RP seeking postponement, substitution of IMF plan
RP seeking postponement, substitution of IMF plan
MANILA (AFP): The Philippine Finance Department said here yesterday it was seeking the postponement of four reform measures sought by the International Monetary Fund (IMF) and was hoping in the meantime to substitute them with other reforms.
The four reforms the IMF had wanted implemented, most of them by September, were a one percent gross corporate tax, a minimum three percent import duty, attainment of a base money target level and automatic pricing of oil products.
However the department said the tax was delayed because congress was too busy to pass required legislation while the import duty was left out of the 1994 investment program.

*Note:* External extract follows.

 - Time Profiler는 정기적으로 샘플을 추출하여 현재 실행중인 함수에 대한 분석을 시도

The country also failed to keep base money levels within a ceiling of about 300 billion pesos (US$12 billion) as planned and was seeking instead a new ceiling for the end of November, which they did not specify.
The automatic oil pricing reform was delayed because the executive found that this might require certain legislation although they added that the matter was still under study.

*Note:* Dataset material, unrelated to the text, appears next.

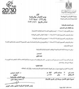 أعلنت وزارة الشباب والرياضة عن تعيين الدكتور أحمد حمدي أحمد عزمي مديراً عاماً لأدارة المنتخبات الوطنية في الوزارة وهذه الإدارة تعد من أهم إدارات الوزارة حيث تتولى الأشراف على كل المنتخبات الوطنية في كل اللعبات .. وتنسيق برامجها وأعتماد خطط اعدادها من خلال أوضه الانفاق والدعم الحكومي بالتنسيق مع اللجنة الأليمبية المسئولة فنياً عن هذا الجانب .

The Philippines is instead offering to remove all restrictions on current account transactions, including the outflow of foreign exchange, and further liberalize rules governing outward investment by Filipinos within six months.
Manila is committed to phasing out a special foreign exchange allocation to fund the importations of oil companies by November.
IMF director-general Michel Camdessus, during his visit to this country last month, accepted in principle the postponement of the reform measures and their substitution but the matter must still be decided by the IMF board, the department said.
The IMF has warned that the Philippines must further control inflation if it wishes to sustain its economic recovery.